[Collection entries]

'''

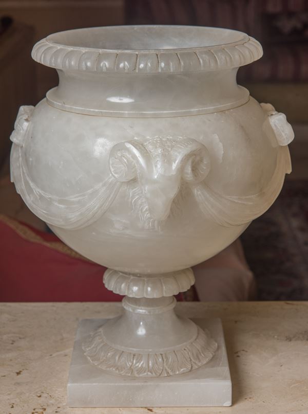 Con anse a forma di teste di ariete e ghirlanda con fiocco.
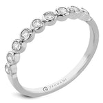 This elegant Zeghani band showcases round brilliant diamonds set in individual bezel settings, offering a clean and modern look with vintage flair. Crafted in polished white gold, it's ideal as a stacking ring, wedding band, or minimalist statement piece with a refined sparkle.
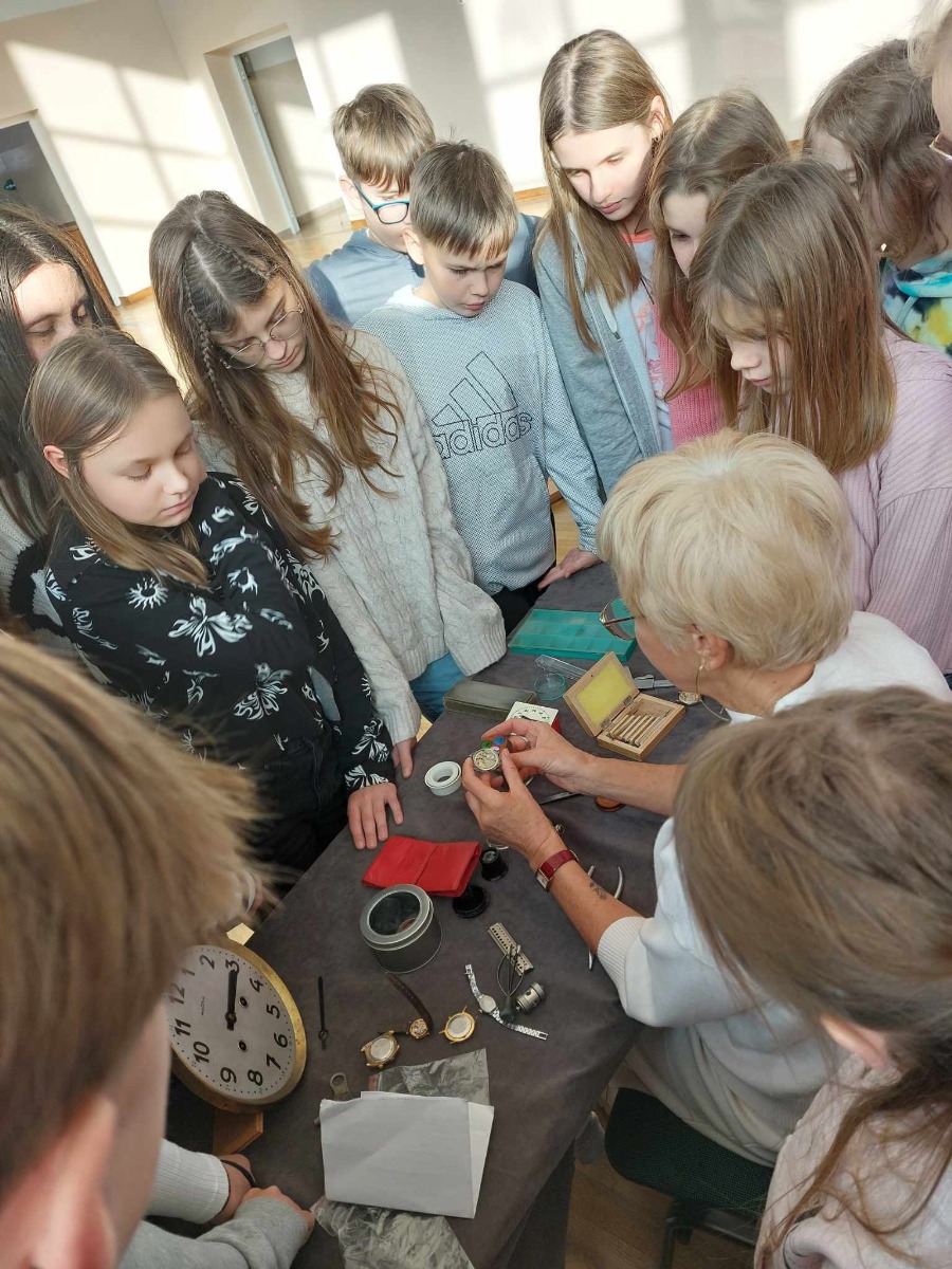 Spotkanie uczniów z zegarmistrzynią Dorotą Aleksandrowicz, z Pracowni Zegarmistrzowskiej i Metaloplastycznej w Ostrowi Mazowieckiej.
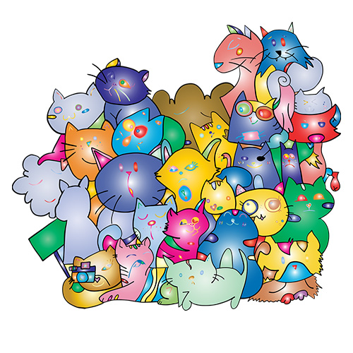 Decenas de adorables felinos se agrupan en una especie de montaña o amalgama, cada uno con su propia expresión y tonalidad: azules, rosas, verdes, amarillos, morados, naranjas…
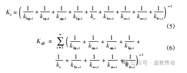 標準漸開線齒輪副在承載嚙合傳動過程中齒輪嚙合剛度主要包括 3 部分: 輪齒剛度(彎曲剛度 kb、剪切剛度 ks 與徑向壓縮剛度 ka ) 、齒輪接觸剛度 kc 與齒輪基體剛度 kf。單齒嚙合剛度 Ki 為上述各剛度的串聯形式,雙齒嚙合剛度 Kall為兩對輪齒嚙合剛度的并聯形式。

'''

◆ Task item: Copy the lines from the line that contains "Decenas de adorables" through the end of the records, exactly and with nothing added; leave the pictures out.

◆ Result for this exercise:
 Decenas de adorables felinos se agrupan en una especie de montaña o amalgama, cada uno con su propia expresión y tonalidad: azules, rosas, verdes, amarillos, morados, naranjas…
 標準漸開線齒輪副在承載嚙合傳動過程中齒輪嚙合剛度主要包括 3 部分: 輪齒剛度(彎曲剛度 kb、剪切剛度 ks 與徑向壓縮剛度 ka ) 、齒輪接觸剛度 kc 與齒輪基體剛度 kf。單齒嚙合剛度 Ki 為上述各剛度的串聯形式,雙齒嚙合剛度 Kall為兩對輪齒嚙合剛度的并聯形式。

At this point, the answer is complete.